Some of the members seemed pleased when we presented the test data, suggesting that WideNoise had finally been calibrated. For them the procedure in the chamber had
‘calibrated’ the app even without making any actual improvements. Others, on the other hand, were frustrated by the poor test results. During one informal chat I had with one of the researchers from the Green team, they described WideNoise like a crude electronic birthday card with an inbuilt sound chip and proceeded to sing me a deliberately tuneless rendition of ‘Happy Birthday to you’. At the final consortium meeting, when the teams were preparing the microphone and speaker setup, there was some screeching feedback.
When the harsh noise died down one of the team members joked that the noise had been
‘WideNoise’ to which others responded with laughter. Showing the test results seemed to allow the consortium to talk more openly about the app. By evaluating it and forcing the consortium to take an explicit decision on the calibration issue, the Red team had made the priorities of the consortium explicit and made the app more transparent. In my field notes I described the evaluation as an active transformation of the app:
“We are actually building the device by adding a whole new level to WideNoise that from now on will not be removable. It now has an error margin attached to it, even if the technical testing procedure was ridiculous”.
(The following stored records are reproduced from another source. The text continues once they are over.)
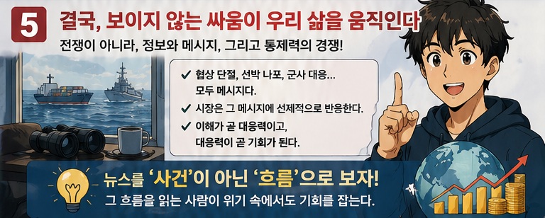 주식 앱을 보다가 특별한 악재가 없는 것 같은데도 시장이 흔들리는 걸 본 적이 있습니다. 이유를 찾아보니 결국 이런 지정학적 긴장이었습니다. 그때부터 저는 뉴스와 시장을 연결해서 보기 시작했습니다.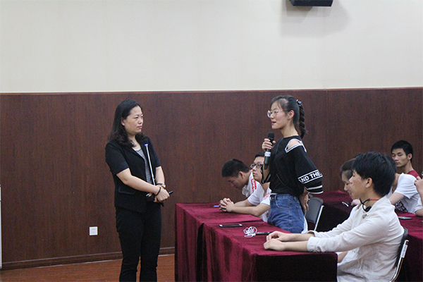 冯庆媛老师从谁就业、就啥业、咋就业三个方面,通过体验式讲座和互动,由表及里,循序渐进地向学生们解析了什么是就业,进而从就业遇到的实际问题出发,为学生在求职途径、简历准备、面试技巧、职场胜任等方面给出了中肯而实用的建议。她希望各位同学能够做自己的主人,转换思路,对自己有一个合理的职业规划。冯处长风趣的语言、现场的互动答疑,充分调动了现场同学积极性,赢得在座同学们的阵阵掌声。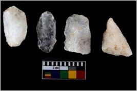 | Description / विवरण | There are n-4 of intact utilized flakes made up of Quartz. Some of them have bulge of percussion and some are flat flakes. |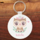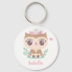 A cute little owl with a pink polka dots bow on her head is seated on flower patch. Personalise with name of kid in text template provided.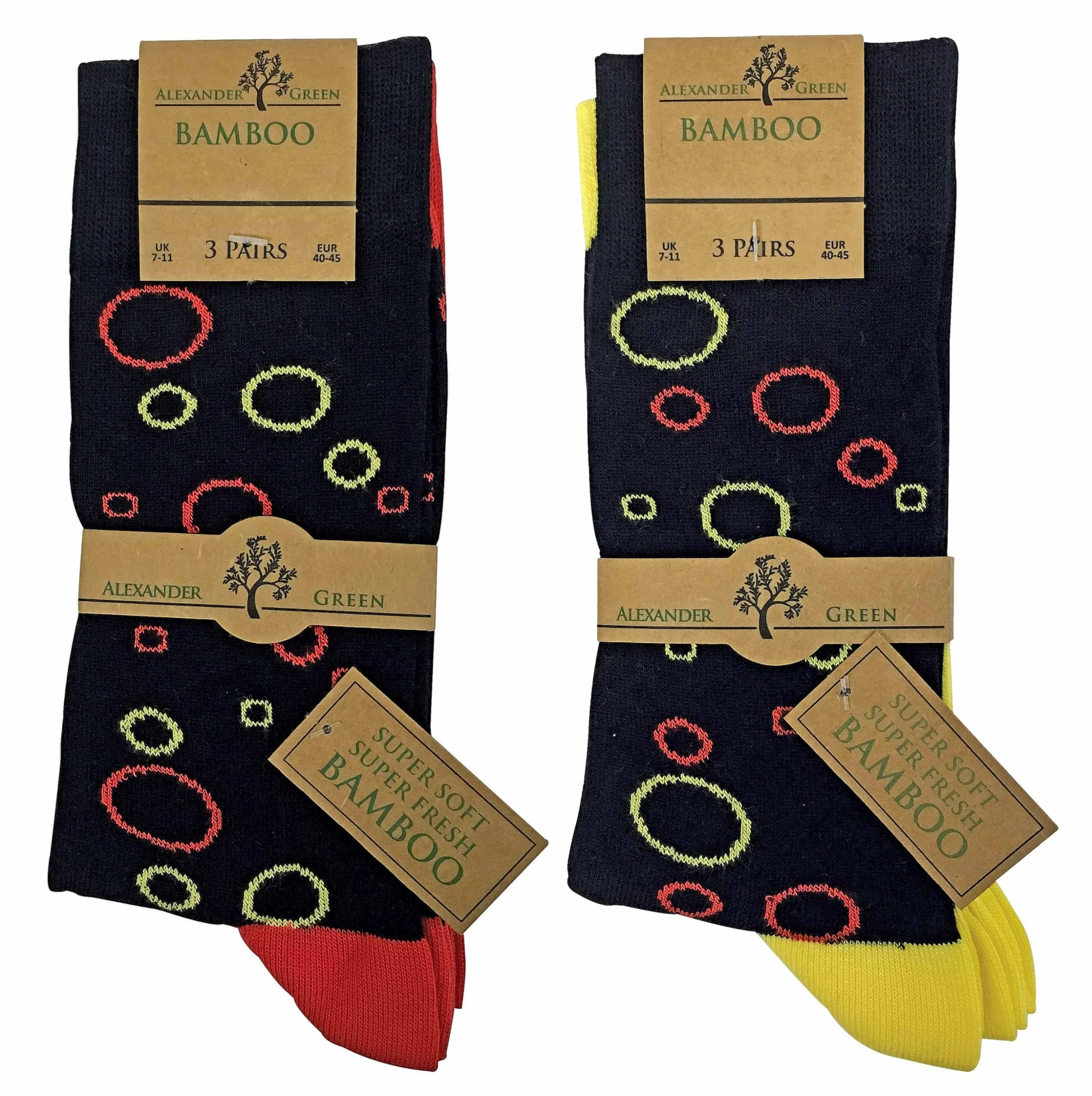 6 Pairs of Mens Bamboo Socks 6 Pairs of Mens Incredibly Soft and Comfortable Bamboo Socks. Pick from 5 trendy styles including Tetris, Polka Dot, Fairisle, Squares and Paisley. As Bamboo is a natural fibre, these socks are thermo-controlling, with micro gaps that are filled in the yarn, meaning they will regulate the temperature in your feet. In the Summer your feet will be cool and in the winter these socks will keep your feet toasty and warm. The qualities of bamboo also means these socks will sit close to the skin without the pressure of clinging to it. They are also anti-bacterial and naturaly antifungal so that your feet can keep fresher for longer. As well as using revolutionary fibres, bamboo socks are also completely organic, stable and ethically sustainable. 78% Bamboo 21% Polyamide 1% Elastane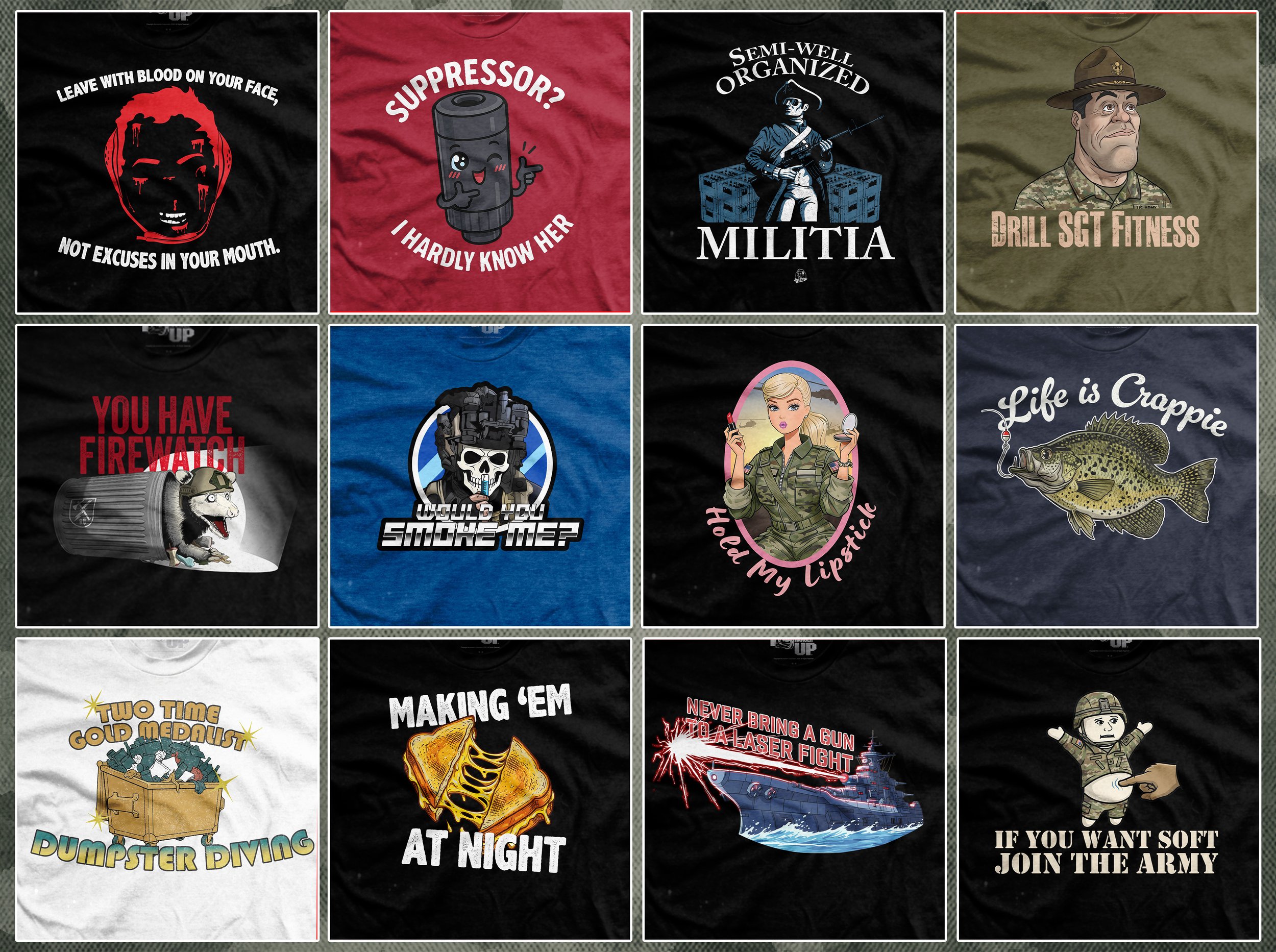 I collaborated with Ranger Up to produce dynamic visual content that reflected the company’s rugged, patriotic voice. My contributions included social media ad campaigns, custom website imagery, and original illustrated artwork developed specifically for apparel and t-shirt designs. The goal was to create graphics that were bold, memorable, and true to the brand’s identity.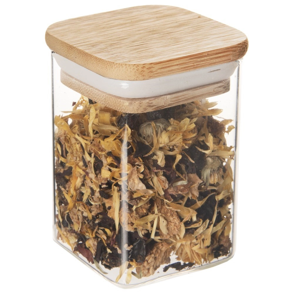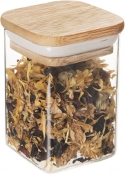 Elegancki szklany pojemnik o pojemności 200 ml z bambusową pokrywką i silikonową uszczelką dłużej utrzyma Twoją żywność świeżą. Wykonany z wytrzymałego szkła borokrzemowego, ma kompaktowe wymiary 6 × 6 × 8,5 cm i nowoczesny kwadratowy kształt. Idealny na kawę, herbatę, przyprawy, orzechy oraz inne produkty sypkie. Dzięki hermetycznemu zamknięciu chroni aromat i smak, a do tego świetnie pasuje do każdej kuchni.

The Red team felt a surprising sense of relief, since the evaluation had confirmed their concerns about the app and transformed it into a known and predictable entity. A member of the Red team argued that WideNoise is ‘arbitrary not random’ meaning that while the app data does not relate to any noise standard, it could be used to indicate low, medium and high sound levels. The evaluation thus became a way of ontologically redesigning the device by setting new expectations amongst the consortium and the Red team about which sound realities the app might be able to sense.